Plaintiff does not set forth allegations of personal involvement with respect to the individual defendants. In fact, he has not named as defendants (by name or as a John Doe) any of the individuals who were directly responsible for his arrest and his reincarceration following a determination that he violated his release agreement. Instead, plaintiff has chosen to sue senior-level Illinois officials, alleging that they were part of a conspiracy to thwart his investigations into purported racketeering activity.

Plaintiff's only specific allegation against Governor Blagojevich is that he did not prevent IDOC's activity. (Complt. at 3.) This allegation, standing alone, is insufficient to state a claim against Governor Blagojevich for personal responsibility in either his official or individual capacity. Chavez v. Ill. State Police, 251 F.3d 612, 651 (7th Cir. 2001) (supervisor not liable under § 1983 for negligently failing to prevent subordinates' misconduct).

Plaintiff has provided no basis to infer that EIG or Inspector Look, whom plaintiff designates as a "supervisory inspector," were personally involved in the deprivation of plaintiff's rights or that they were recklessly indifferent to their subordinates' misconduct. See id.

Plaintiff's allegations against Mrs. Blagojevich, as best the court can discern, are that she has an undefined connection with certain unsavory characters. Plaintiff fails to state a claim against Mrs. Blagojevich because she does not act "under color of state law" on account of her marriage to Governor Blagojevich. Plaintiff's claim against Mrs. Blagojevich also fails because the complaint provides no basis to infer that she was personally involved in the deprivation of plaintiff's rights.

Finally, plaintiff's claims, to the extent they are premised upon the invalidity of past or ongoing criminal proceedings, are barred by the rule of Heck v. Humphrey, 512 U.S. 477 (1994). If plaintiff files an amended complaint, he should take care to ensure that his claims do not run afoul of the rule of Heck.

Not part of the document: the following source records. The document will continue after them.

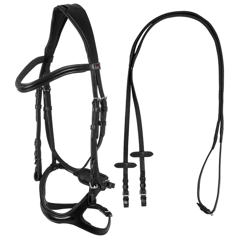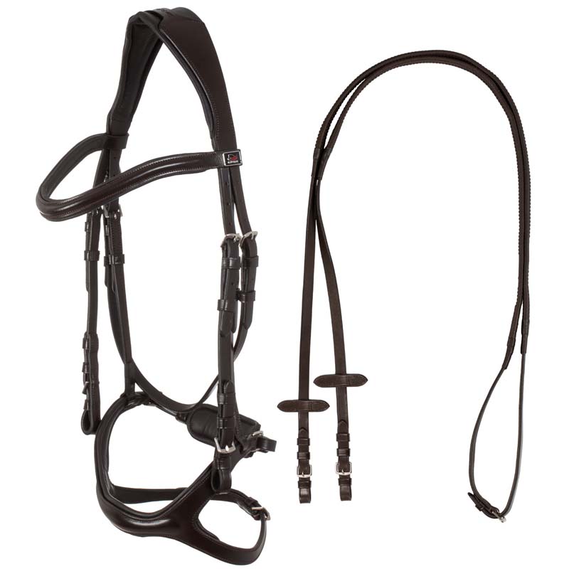 Supreme English bridle in leather with a curved noseband and padded halter, complete with reins. This Supreme English bridle is made of genuine leather, soft and durable, offering maximum comfort for the horse. The anatomic shape of the padded curved noseband enhances the bridle's fit and stability, while reducing pressure on the horse’s nose. Stainless steel buckles allow for easy adjustment. The Supreme bridle comes with reins included.
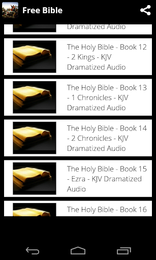 The Holy Bible - Free is the best Android App (2.3 ) to listen the holy bible fascicles in English. All the holy scriptures are included.
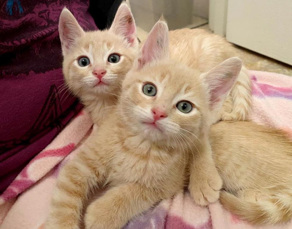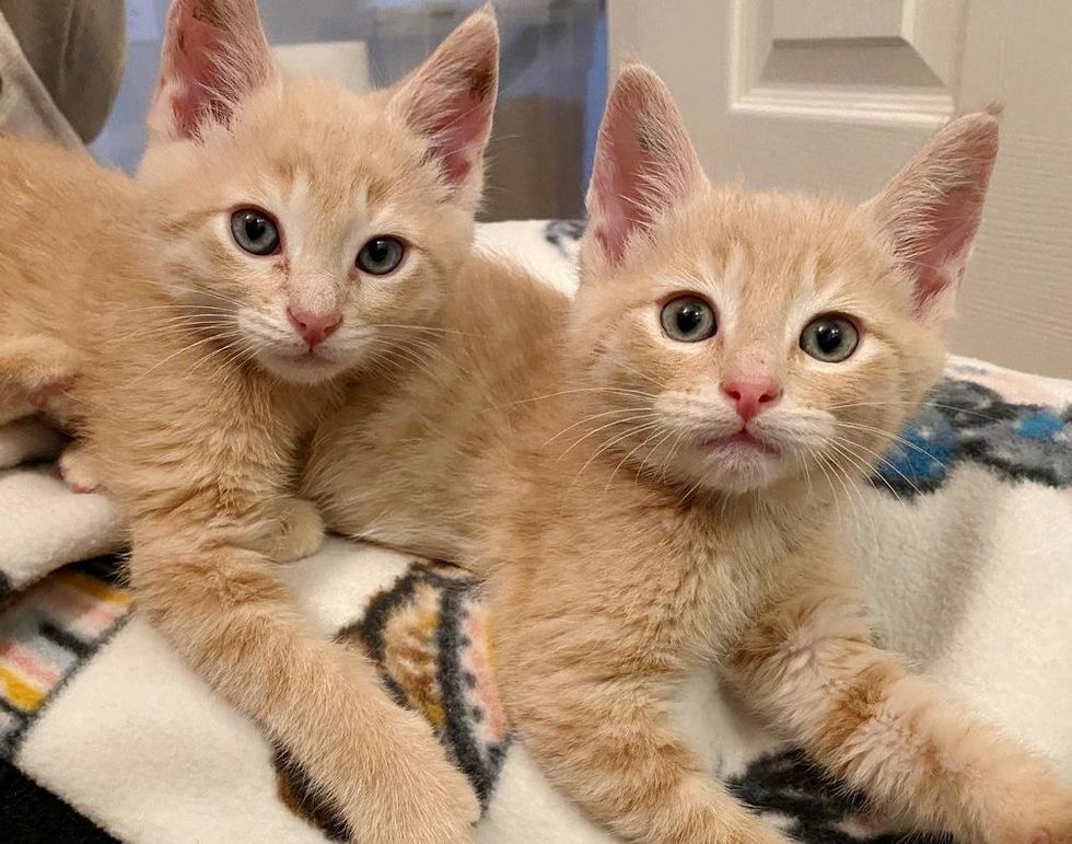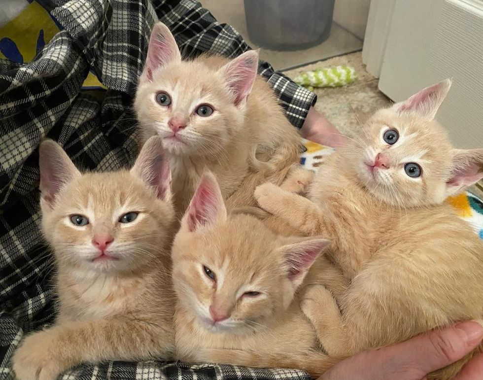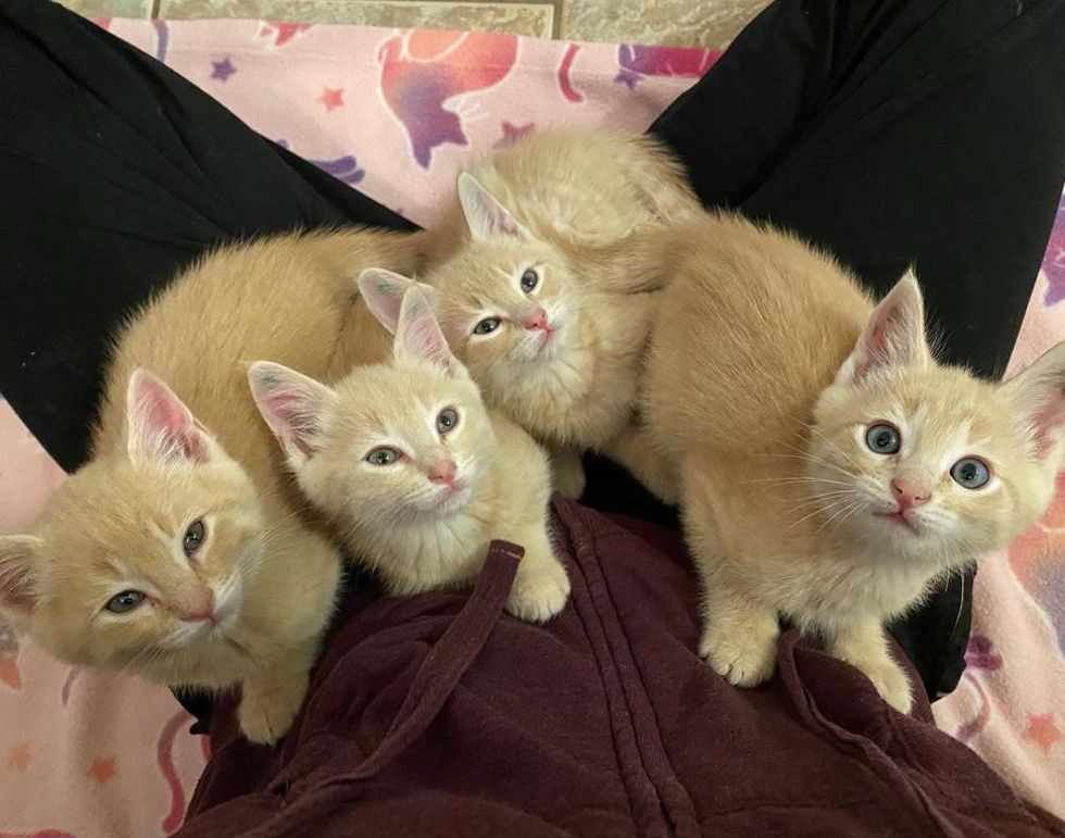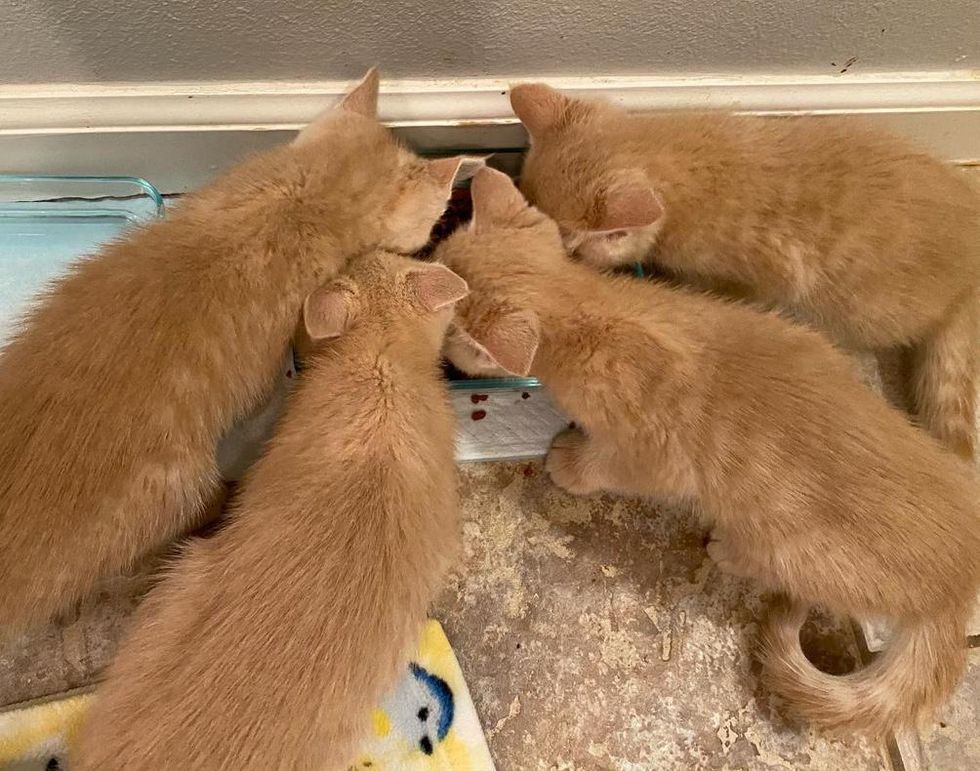 Four orange kittens insist on doing everything together and won't leave each other's side after being found outside.

"The rule of Heck is that unless and until a criminal defendant gets his conviction overturned, he can't base a civil case on evidence that if true shows he was wrongly convicted; that is an impermissible end run around the conviction." Robinson v. Doe, 272 F.3d 921, 923 (7th Cir. 2001). This rule is not limited to criminal convictions--it also applies to claims that would necessarily invalidate pending criminal proceedings, Washington v. Summerville, 127 F.3d 552, 556 (7th Cir. 1997), or parole revocation proceedings. Antonelli v. Foster, 104 F.3d 899, 901 (7th Cir. 1997).

Plaintiff's "false arrest" claim, which alleges that his October 10, 2006 arrest was retaliation for his demands for investigations, would invalidate pending criminal proceedings against him. See Edwards v. Balisok, 520 U.S. 641, 648 (1997); accord Snodderly v. R.U.F.F. Drug Enforcement Task Force, 239 F.3d 892, 899-900 (7th Cir. 2001).

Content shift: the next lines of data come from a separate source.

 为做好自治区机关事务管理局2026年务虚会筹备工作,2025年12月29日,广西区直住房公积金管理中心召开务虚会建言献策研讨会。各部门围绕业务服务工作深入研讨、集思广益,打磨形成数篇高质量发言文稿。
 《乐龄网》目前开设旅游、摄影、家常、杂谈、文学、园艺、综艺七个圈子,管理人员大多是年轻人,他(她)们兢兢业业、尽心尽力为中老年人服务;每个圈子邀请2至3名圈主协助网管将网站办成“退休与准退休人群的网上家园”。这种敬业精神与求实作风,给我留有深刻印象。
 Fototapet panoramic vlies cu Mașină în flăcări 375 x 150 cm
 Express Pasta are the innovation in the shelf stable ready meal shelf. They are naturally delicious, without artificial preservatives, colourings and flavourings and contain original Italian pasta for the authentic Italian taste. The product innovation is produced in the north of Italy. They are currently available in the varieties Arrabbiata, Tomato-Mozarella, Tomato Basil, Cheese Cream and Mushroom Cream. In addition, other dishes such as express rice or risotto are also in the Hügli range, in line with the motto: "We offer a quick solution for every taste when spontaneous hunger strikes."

With respect to plaintiff's "false violation" claim, the PRB's revocation order was predicated on plaintiff's October 10, 2006 arrest, meaning that plaintiff cannot establish that the revocation order was constitutionally defective without first mounting a collateral attack on the validity of his October 10, 2006 arrest. Furthermore, if plaintiff is still on supervised release, then his challenge to the PRB's revocation decision is aimed at the fact or duration of his confinement, and is not cognizable as a § 1983 action at this juncture. Wilkinson v. Dotson, 544 U.S. 74, 78 (2005) (collecting cases).

CONCLUSION

Plaintiff's in forma pauperis application is denied. Plaintiff's claims are dismissed for lack of subject matter jurisdiction and pursuant to the criteria set forth in 28 U.S.C. § 1915(e)(2)(B). Plaintiff is granted leave to file an amended complaint that conforms with this order by March 2, 2007. If he files a sufficient complaint, leave to proceed in forma pauperis will be granted. If the complaint fails to allege any claim upon which relief could be granted, the case will be dismissed with prejudice.